Illusoire sécurité collective sans l'Irak et l'Iran

OLIVIER DA LAGE

Deux ans après l'offensive déclenchée contre M. Saddam Hussein par les Etats-Unis et leurs alliés à la suite de l'invasion du Koweït, l'ordre régional est encore plus vulnérable. Au Conseil de coopération du Golfe, les monarchies pétrolières, déchirées par des conflits frontaliers, ont été incapables de s'entendre sur un projet commun de sécurité collective excluant l'Irak mais aussi l'Iran dont les ambitions inquiètent les alliés des Occidentaux.    

Au lendemain de la libération du Koweït et de la défaite irakienne, la marge de manoeuvre dont disposaient les alliés, à commencer par le président Bush, était considérable.
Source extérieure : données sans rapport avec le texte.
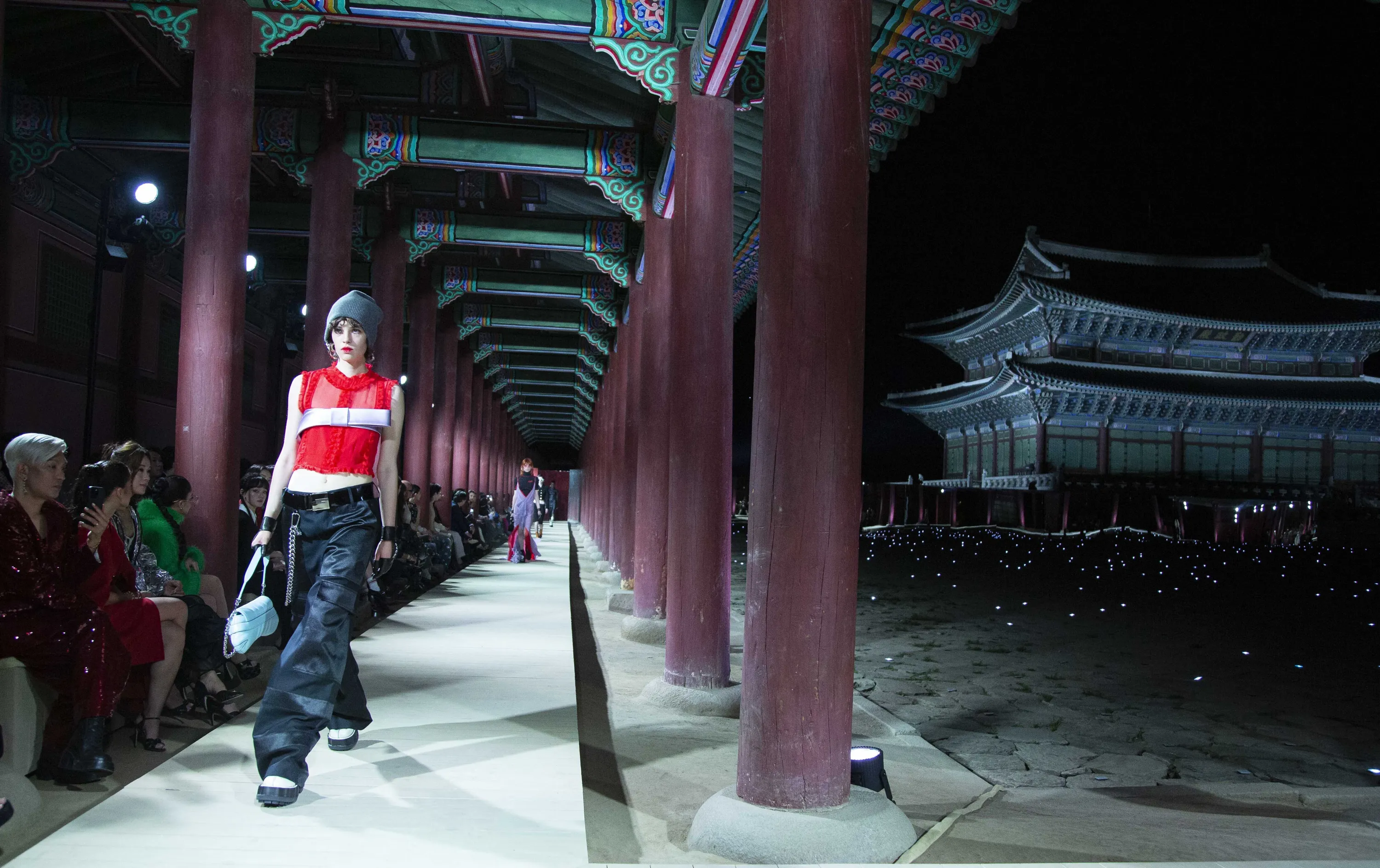 A model presents a creation by Italian brand Gucci during the Gucci 2024 Cruise Collection Fashion Show at Gyeongbokgung Palace in Seoul, South Korea, Tuesday May 16, 2023. (Photo by Jeon Heon-Kyun/Pool via AP Photo)

Ce dernier a su en user en amenant Isra‘l et ses adversaires arabes à la table de négociation, à la conférence de Madrid. Dans la région du Golfe, les Occidentaux auraient pu faire en sorte que se mette en place une structure régionale de sécurité sur le modèle de la CSCE en Europe. Les monarchies du Golfe, l'Iran, l'Irak et les grandes puissances s'y seraient retrouvés, non au sein d'une alliance militaire, certes, mais dans un cadre où aurait pu se développer un dialogue politique et où, année après année, des mesures de confiance auraient progressivement désamorcé méfiance et hostilité. N'en parlons plus: l'occasion n'a pas été saisie, Américains, Français et Britanniques ayant préféré vendre des armes aux monarchies du Golfe par dizaines de milliards de dollars. On se rappelle à peine que MM. George Bush et François Mitterrand, à la mi-1991, avaient chacun publié un plan de désarmement du Proche-Orient.    
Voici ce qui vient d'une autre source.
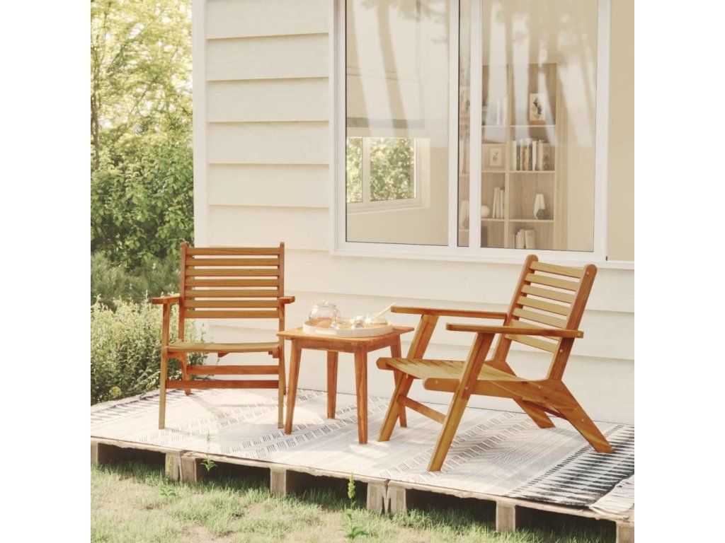 Venkovní bistro set je zhotovený z masivního akáciového dřeva, je tedy robustní a stabilní. Povrchová olejová úprava usnadňuje jeho čištění. Relaxační židle mají klasický lamelový design pro pohodlné sezení. Pořiďte si tento dřevěný bistro set a dodejte své zahradě či terase nádech zábavy a pohodlí!

L'aveuglement des monarques de la péninsule est tout aussi frappant. Deux semaines à peine avant le déclenchement de l'offensive alliée contre l'Irak, les six dirigeants du Conseil de coopération du Golfe (CCG) (1), réunis en sommet à Doha (capitale du Qatar), tendaient la main à l'Iran, suggérant que, au sortir de la guerre, ils pourraient tous ensemble, ainsi qu'avec le Pakistan et la Turquie, participer à des "arrangements de sécurité" régionaux. Mais, le 6 mars 1991, le CCG, la Syrie et l'Egypte publient la déclaration de Damas. Ce traité prévoit que des troupes syriennes et égyptiennes seront stationnées dans les pays du CCG pour assurer leur sécurité, en échange, cela va de soi, d'une assistance financière. Cependant, les dirigeants du Golfe n'ont jamais sérieusement envisagé d'accueillir chez eux des milliers de soldats égyptiens et syriens.    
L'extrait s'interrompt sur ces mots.